The Perl Toolchain Summit needs more sponsors. If your company depends on Perl, please support this very important event.

NAME

TREE::FP - Perl implementation of the FP-Tree

SYNOPSIS

        use Tree::FP;
        
        $fptree = Tree::FP->new('a','b','c');
        
        $insert_successful = $fptree->insert_tree('c','a','b');
        
        $decimal_support = $fptree->support;
        $fptree->set_support(0.3);
        
        $decimal_confidence = $fptree->confidence;
        $fptree->set_confidence(0.25);
        
        @rules = $fptree->association_rules;
        
        $fptree->reset_tree;
        
        $error_string = $fptree->err;
        

DESCRIPTION

Tree:FP is a Perl implmentation of the FP-Tree based association rule mining algorithm (association rules == market basket analysis). For a detailed explanation, see "Mining Frequent Patterns without Candidate Generation" by Jiawei Han, Jian Pei, and Yiwen Yin, 2000. Contrarywise, most books on data mining will have information on this algorithm.
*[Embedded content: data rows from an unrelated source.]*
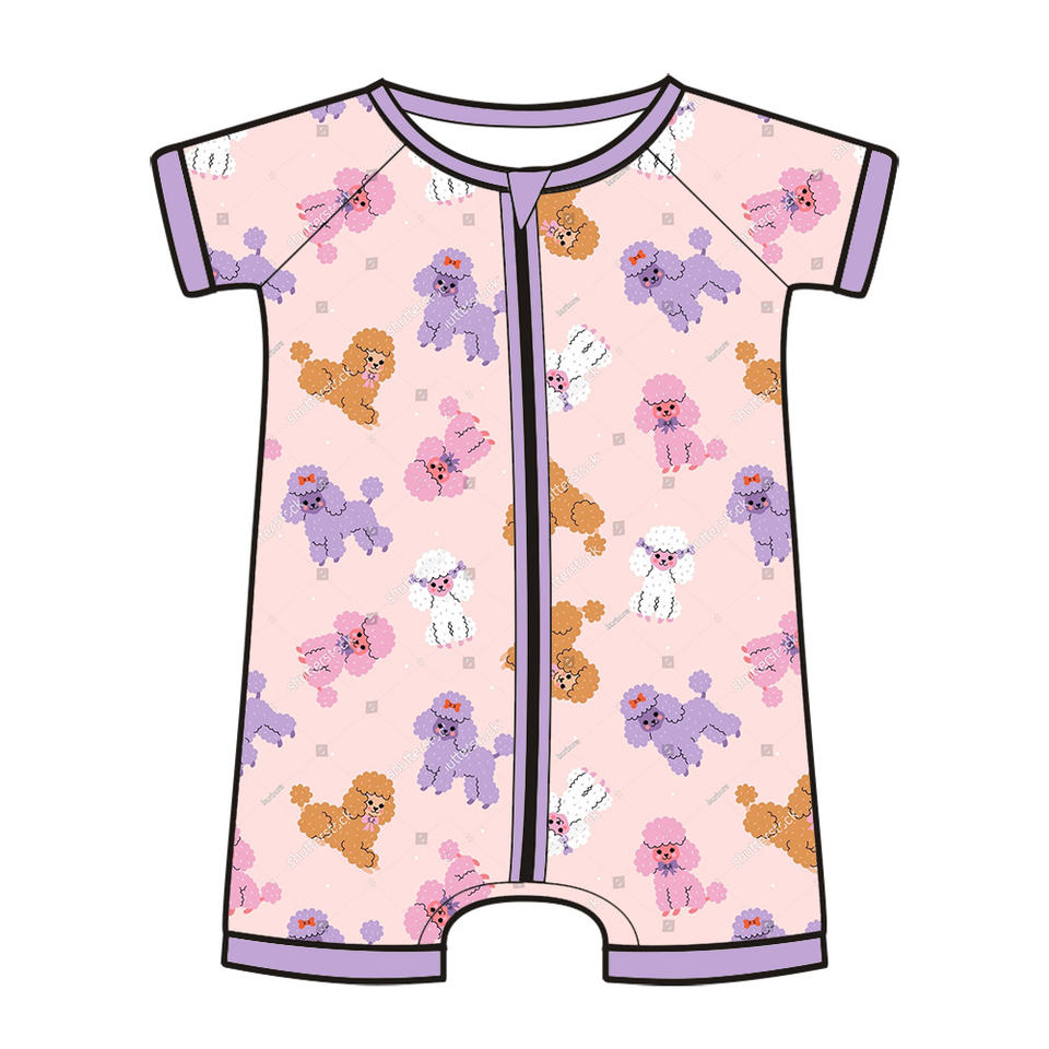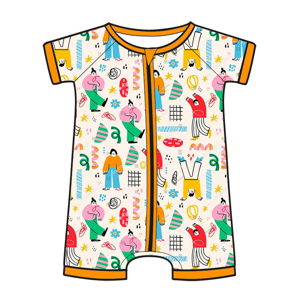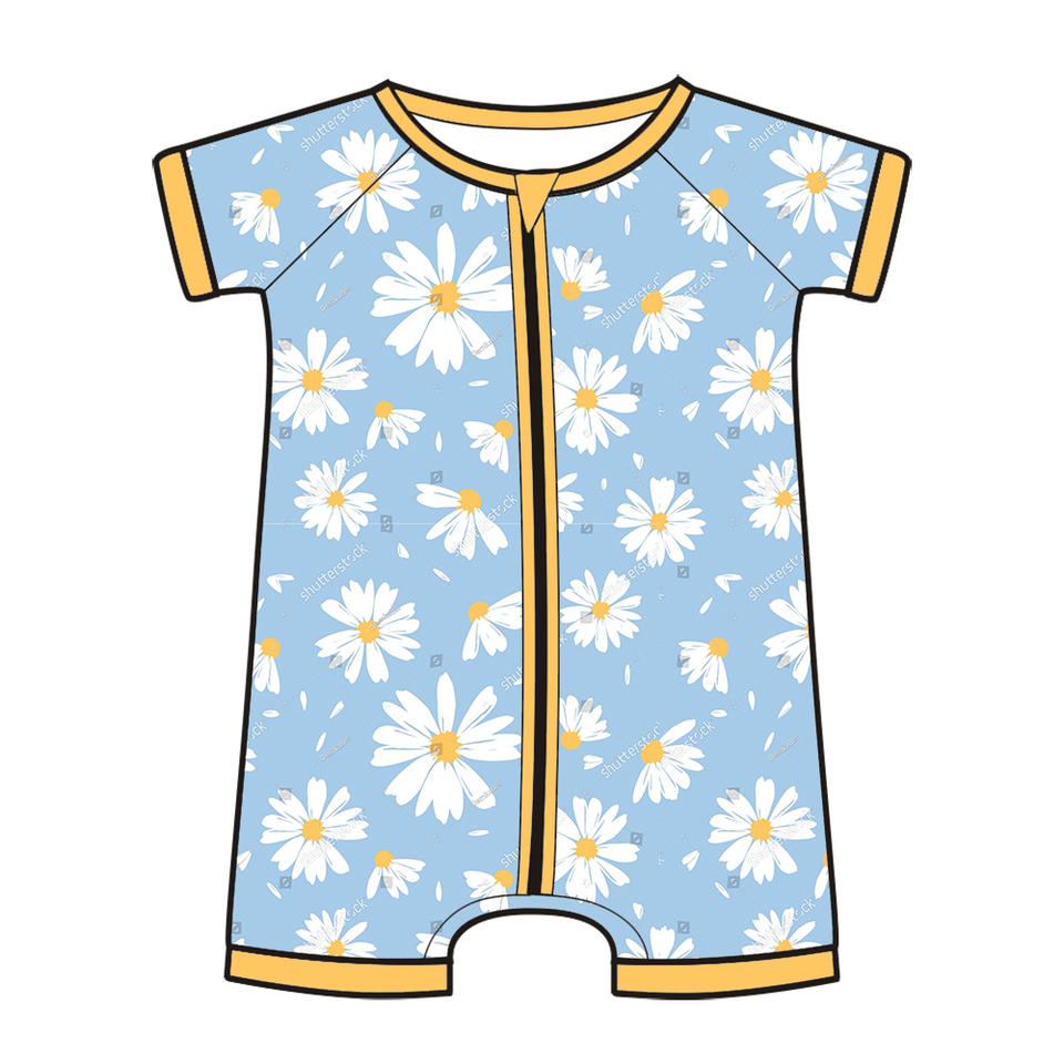 Custom Surfing Beach Pattern Infant Jumpsuits Clothes Pyjamas Organic Bamboo Viscose Baby Short Sleeve Rompers Girls Pajamas
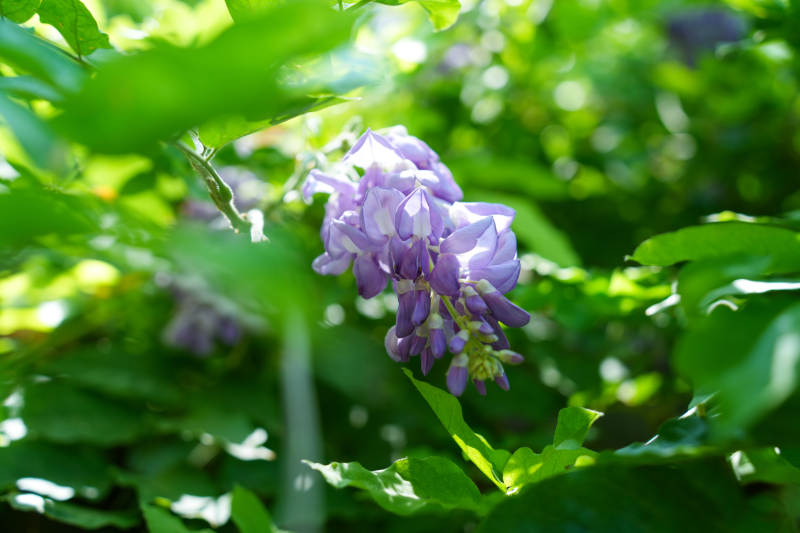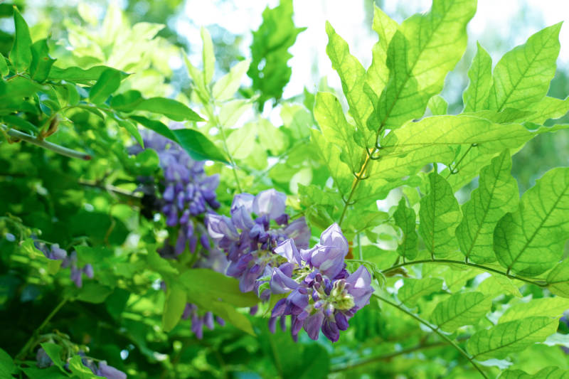 紫藤花在绿叶间绽放
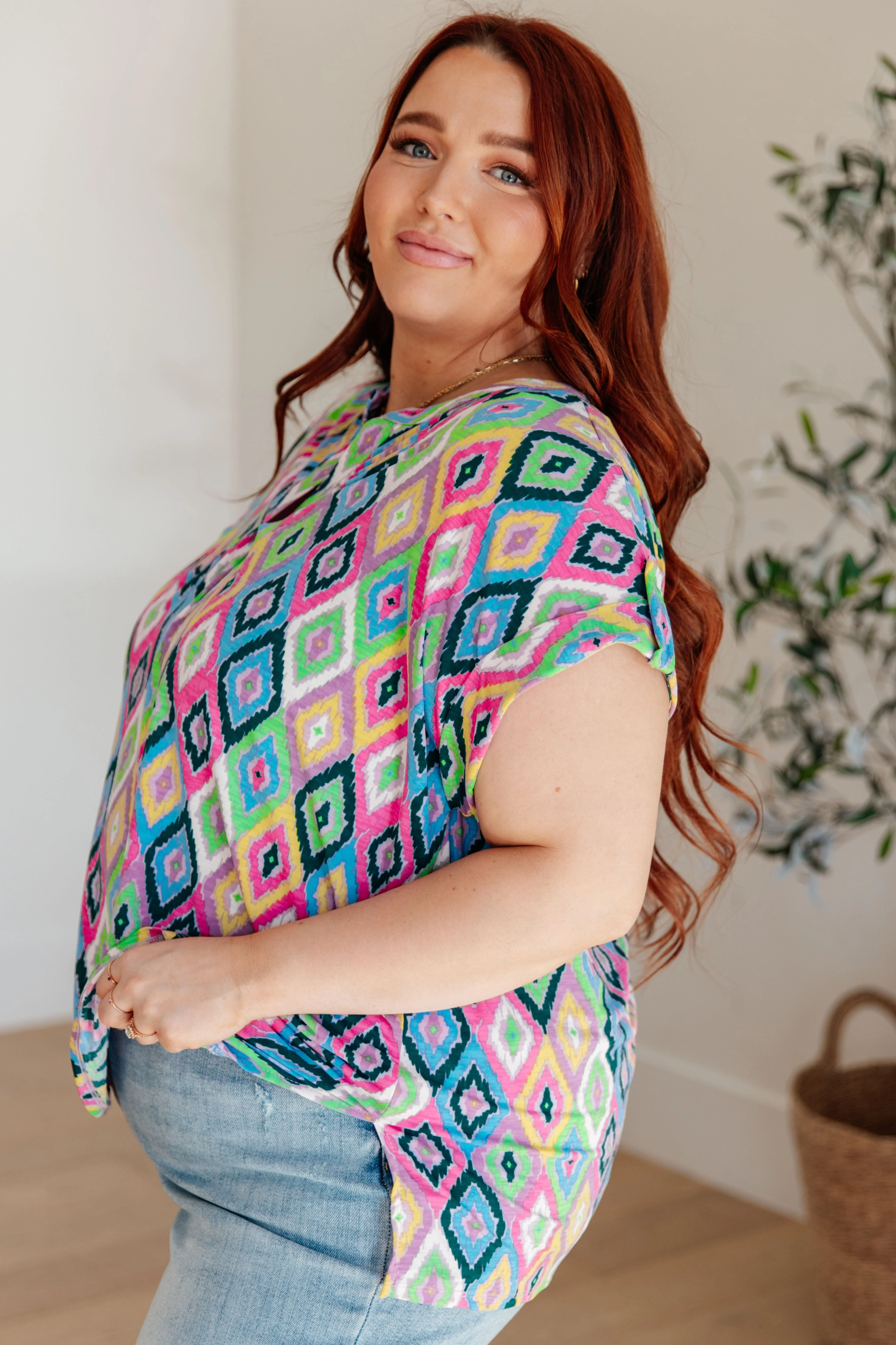 Lizzy Cap Sleeve Top in Lavender Ikat
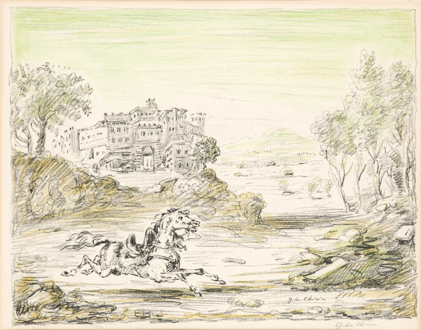 GIORGIO DE CHIRICO (1888-1978) - Cavallo fuggente, 1954
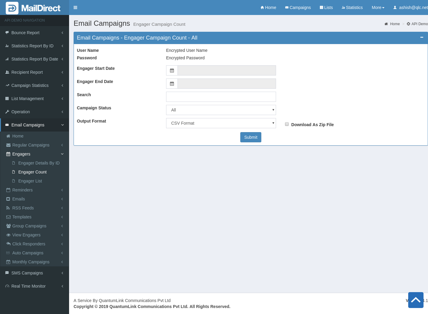- The API Retrieves the list of Engager Count based on status – All, Active or In Active.
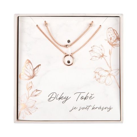 Dvojitý náhrdelník v oblíbené barvě rose gold je uložen v dárkovém balení s osobním věnováním. Upozornění: aby vám šperk dlouho vydržel jako nový, zamezte jeho styku s vodou a chemikáliemi. Materiál: měď Povrchová úprava: pozlaceno 18karátovým zlatem Délka řetízků: 45 cm, 40 cm
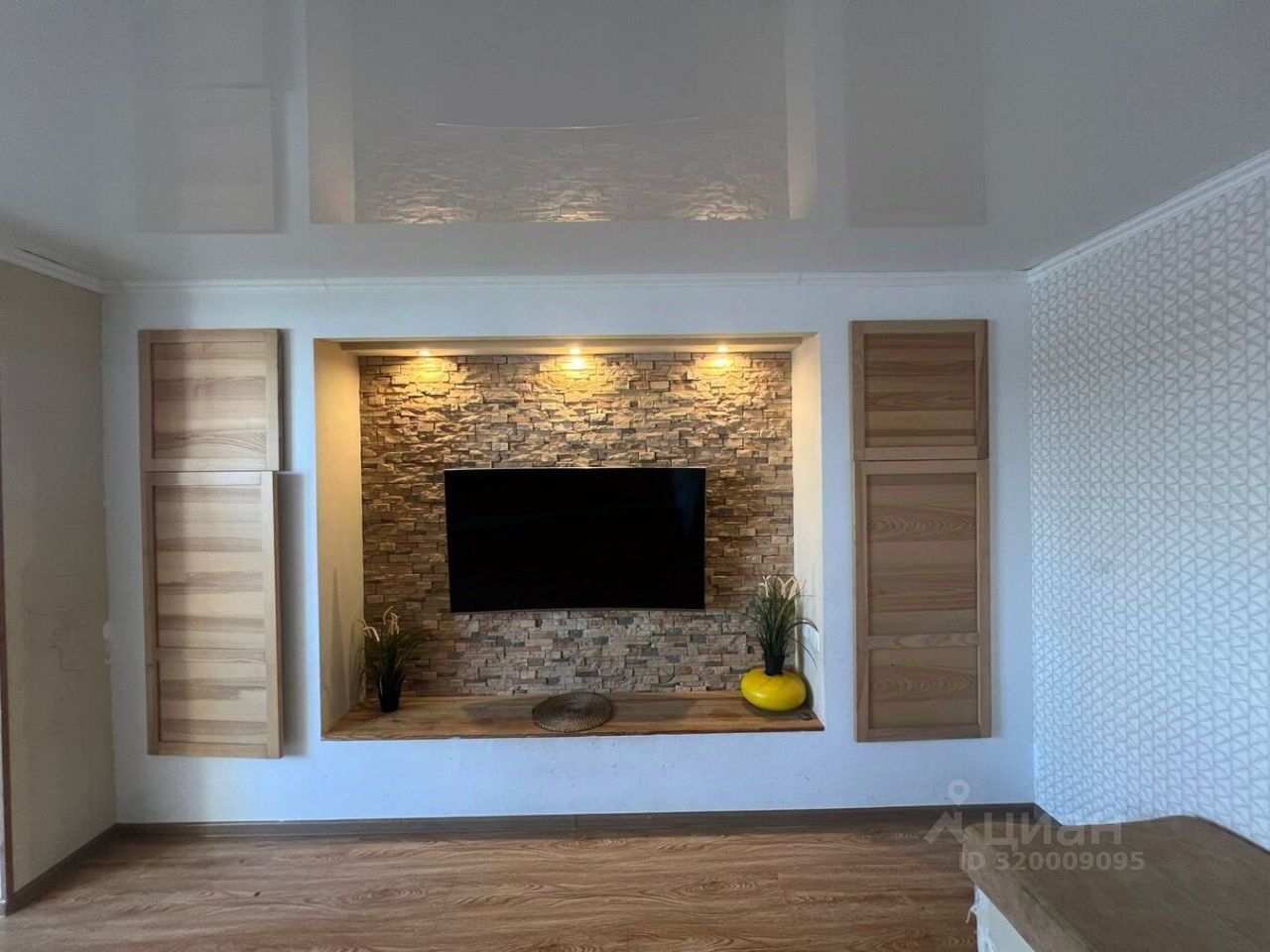 Ремонт выполнен в современном стиле, глянцевые потолки придают воздушности и визуально делают помещение еще больше
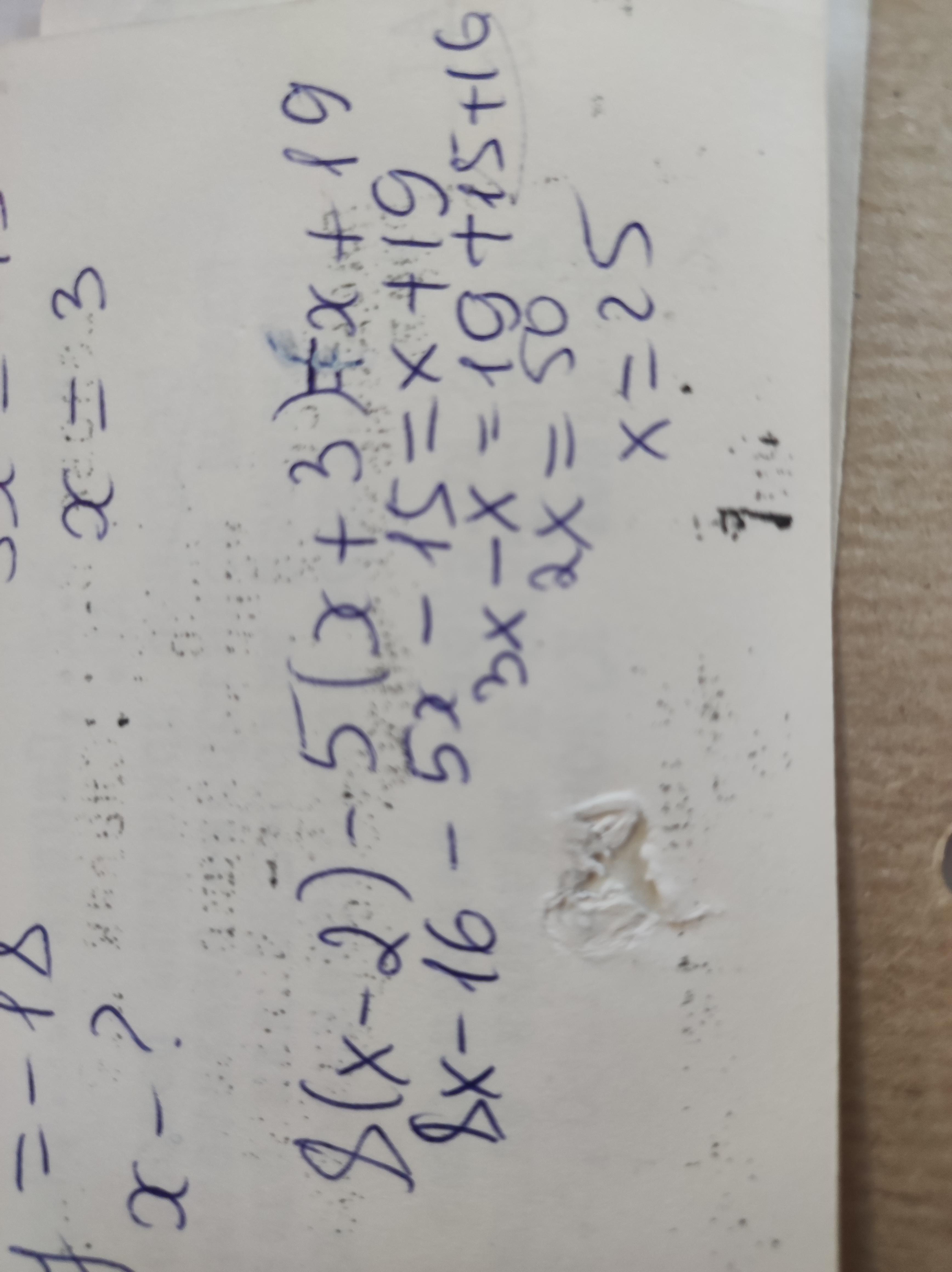 Розв'яжіть рівняння 8(х - 2) — 5(x +3) = x + 19 срочно у меня сейчас к.р идёт пожалуйста срочно дам 20 балов !!!!!!
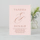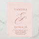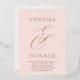 Modern wedding save the date card featuring a simple and minimal layout with your names and an elegant ampersand in a large format above your event details. All design elements on the front are in real foil over a blush pink background. The background colour may be changed in the design editing tool.
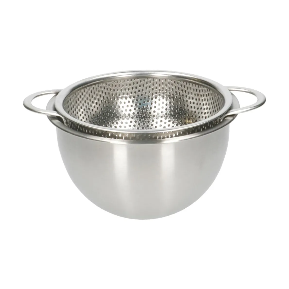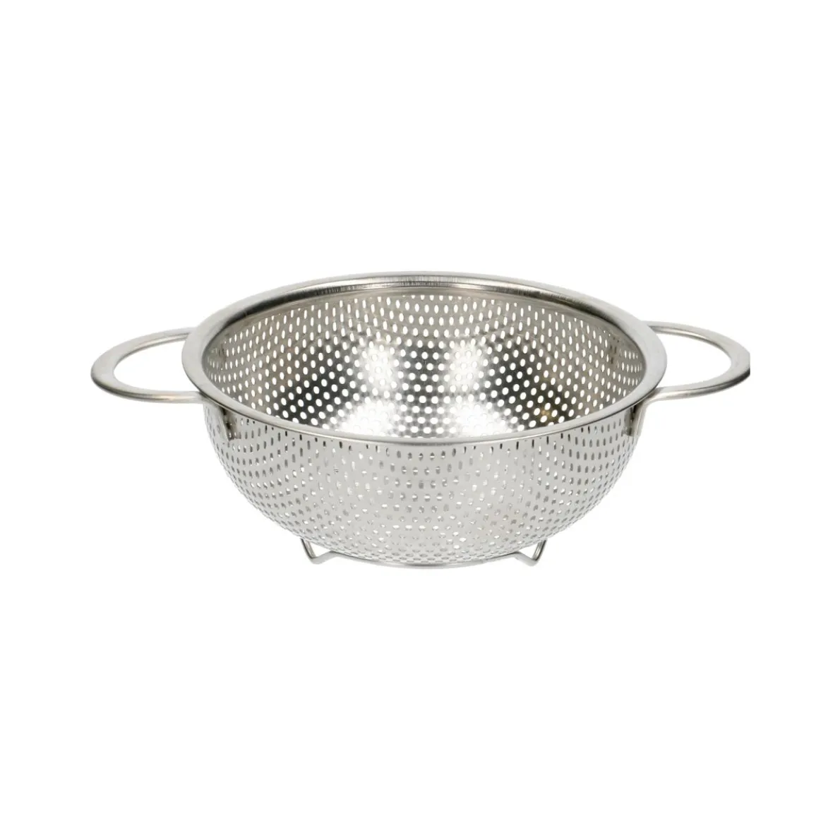 Kleine bol vergiet van rvs met 2 handgrepen. Het vergiet heeft over het hele oppervlak gaatjes zodat je bijvoorbeeld gewassen sla, groente en fruit etc. snel kan laten uitlekken. Dankzij de 3 pootjes blijft de inhoud niet in het water staan.Tip: Het vergiet past in onze rvs (meng)kom van Ø 16 cm. Dat scheelt ruimte in je keukenkastje.Het is ook handig als je bv. vóór het verwerken groente of sla wil opfrissen/blancheren in koud water. Vul de kom met water en zet het gevulde vergiet er in. Til het vergiet uit de kom en de inhoud is meteen uitgelekt.

The short version is this: instead of generating a huge number of candidate sets for the apriori algorithm and requiring multiple database scans, compress information into a new data structure, a Frequent Pattern (or FP) tree, then mine the tree.

VERSION

        0.04

METHODS

new( LIST )

The new method is called with a list of frequent items from the transactional database listed in descending support order. Given the following DB =head1

        Item | Count
        ------------
        itm1 | 2
        itm2 | 4
        itm3 | 3
        itm4 | 5
        itm5 | 3

The code for creating a new FP-Tree would be: $fptree = Tree::FP->new('itm4','itm2','itm3','itm5','itm1');

NOTE: The list can also be of integers, which is the more likely scenario for most TDBs.

insert_tree( LIST )

This is the method used to populate the FP-Tree. The list consists of all items for one transaction. The items need NOT be in any order. The method returns 0 (false) is an error occurred, and 1 (true) otherwise.

Example:

        $fptree->insert_tree('itm1','itm2','itm3');

support

Returns the current minimum percentage support for the FP-tree, expressed as a decimal. 10% = 0.1

set_support( FLOAT )

Sets the current minimum percentage support for the FP-tree.

confidence

Returns the current minimum percentage confidence for the FP-tree, expressed as a decimal. 10% = 0.1 NOTE: Currently this method has no effect on performance of the FP-Tree. Future versions may allow result filtering based on confidence.

set_confidence( FLOAT )

Sets the current minimum percentage confidence for the FP-tree.

association_rules

Returns list of assocation rules for the FP-Tree meeting minimum support, listed in descending order of confidence. Each element of the list is actually an FP_Tree_association_rule object with the following four methods:

        left - returns left side of association rule (a "pattern") as a list, each element of which is an item
        right - returns right side of association rule (a "pattern") as a list, each element of which is an item
        support - support for the rule
        confidence - confidence for the rule

Example:

        @rules = $fptree->association_rules;
        @left = $rules[0]->left;
        @right = $rules[0]->right;
        $support = $rules[0]->support;
        $confidence = $rules[0]->confidence;

err

Returns the last error that occurred in the FP-Tree. In general, if any of the methods returns false (0 or undef), this method will provide details as to what went wrong.

NOTES

This package includes three other packages, namely FP_Tree_node, FP_Tree_header_node, and FP_Tree_association_rule. Outside of the context of an FP-Tree, it is not likely that they have much utility, however feel free to use these. Also, there is a combinations function in this package that can be used for finding all combinations of elements of an array (but this must be explicitly exported).

AUTHOR

Martin Paczynski, nitram@cpan.org.

COPYRIGHT

Copyright 2003, Martin Paczynski, nitram@cpan.org, all rights reserved.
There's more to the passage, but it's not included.